Inaugurations have gone forward in times of peace and war, prosperity and strife. But there is no precedent for an inauguration conducted after a violent insurrection incited by the outgoing president against the Congress certifying the election of the incoming one. One has to reach back to Abraham Lincoln’s inauguration in 1861 for a swearing-in guarded by the military against a domestic threat.
And yet, here we are.
Joseph Robinette Biden Jr. will take the oath of office at noon Wednesday at the U.S. Capitol, with Washington in lockdown, no spectators allowed and 25,000 National Guard soldiers standing guard at a security perimeter called, unironically, the Green Zone.
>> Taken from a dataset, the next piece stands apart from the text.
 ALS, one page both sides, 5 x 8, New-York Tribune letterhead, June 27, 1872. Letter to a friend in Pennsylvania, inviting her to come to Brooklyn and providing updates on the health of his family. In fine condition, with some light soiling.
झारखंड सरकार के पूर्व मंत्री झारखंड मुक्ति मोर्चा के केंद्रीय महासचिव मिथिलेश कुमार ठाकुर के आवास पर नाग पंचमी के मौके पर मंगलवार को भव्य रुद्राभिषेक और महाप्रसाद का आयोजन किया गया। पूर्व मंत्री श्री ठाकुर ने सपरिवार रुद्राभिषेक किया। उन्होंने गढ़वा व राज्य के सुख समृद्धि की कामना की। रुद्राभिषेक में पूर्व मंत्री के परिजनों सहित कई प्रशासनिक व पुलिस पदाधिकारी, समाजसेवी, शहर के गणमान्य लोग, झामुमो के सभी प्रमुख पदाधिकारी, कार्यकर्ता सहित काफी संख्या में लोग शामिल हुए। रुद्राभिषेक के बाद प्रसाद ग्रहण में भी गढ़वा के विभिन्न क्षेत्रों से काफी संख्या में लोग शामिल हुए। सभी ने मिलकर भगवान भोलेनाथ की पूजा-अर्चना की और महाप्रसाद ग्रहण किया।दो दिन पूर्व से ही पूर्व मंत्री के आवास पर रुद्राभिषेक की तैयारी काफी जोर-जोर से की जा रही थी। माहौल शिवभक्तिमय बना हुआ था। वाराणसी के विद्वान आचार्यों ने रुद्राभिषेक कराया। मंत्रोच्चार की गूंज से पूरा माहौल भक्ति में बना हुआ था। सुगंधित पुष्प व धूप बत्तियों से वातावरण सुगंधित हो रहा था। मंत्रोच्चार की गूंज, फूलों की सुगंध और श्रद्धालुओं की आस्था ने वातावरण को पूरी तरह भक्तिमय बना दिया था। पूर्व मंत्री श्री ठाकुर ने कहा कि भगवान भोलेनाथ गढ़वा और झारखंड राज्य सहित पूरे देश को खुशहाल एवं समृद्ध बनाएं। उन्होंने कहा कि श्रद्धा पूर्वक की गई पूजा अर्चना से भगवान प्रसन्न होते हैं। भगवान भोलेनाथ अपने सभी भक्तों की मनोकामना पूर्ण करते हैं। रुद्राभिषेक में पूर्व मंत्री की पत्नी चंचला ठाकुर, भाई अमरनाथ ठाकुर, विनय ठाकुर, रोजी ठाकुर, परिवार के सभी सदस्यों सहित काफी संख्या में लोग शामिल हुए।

President Donald Trump will not attend his successor’s inauguration, the last in the long list of norms he shattered over the past four tumultuous years. He plans a grand military sendoff before boarding Air Force One for the last time as president and flying to Florida. An impeachment trial on a charge of inciting his supporters to storm the U.S. Capitol on Jan. 6 guarantees the former president will still loom large in the public discourse. But we are ready to turn the page.
The task ahead of Biden is enormous. The coronavirus pandemic is growing worse. The vaccine rollout is a mess. Americans are suffering economically. The nation is deeply divided. And then there is the rest of the world to worry about.
Biden’s inaugural address will set Americans’ expectations for his presidency. Presidential historian Jon Meacham, a friend of Biden who had a hand in drafting his victory speech, is likely to lend his writerly touch to this one. Meacham, a biographer of Jefferson, might well reach back to the third president’s conciliatory tone after a divisive election that eventually was settled by a vote of the House of Representatives:
“… every difference of opinion is not a difference of principle,” Jefferson said in his first inaugural address. “We have called by different names brethren of the same principle. We are all republicans. We are all federalists.”
Such a call for unity sounds naïve in light of the events of Jan. 6. But whatever else may happen tomorrow, one thing is for sure. The transfer of power will happen, like clockwork. The term of the old president will end at noon, and the new president will assume the office. How do we know? The Constitution says so. No norms required.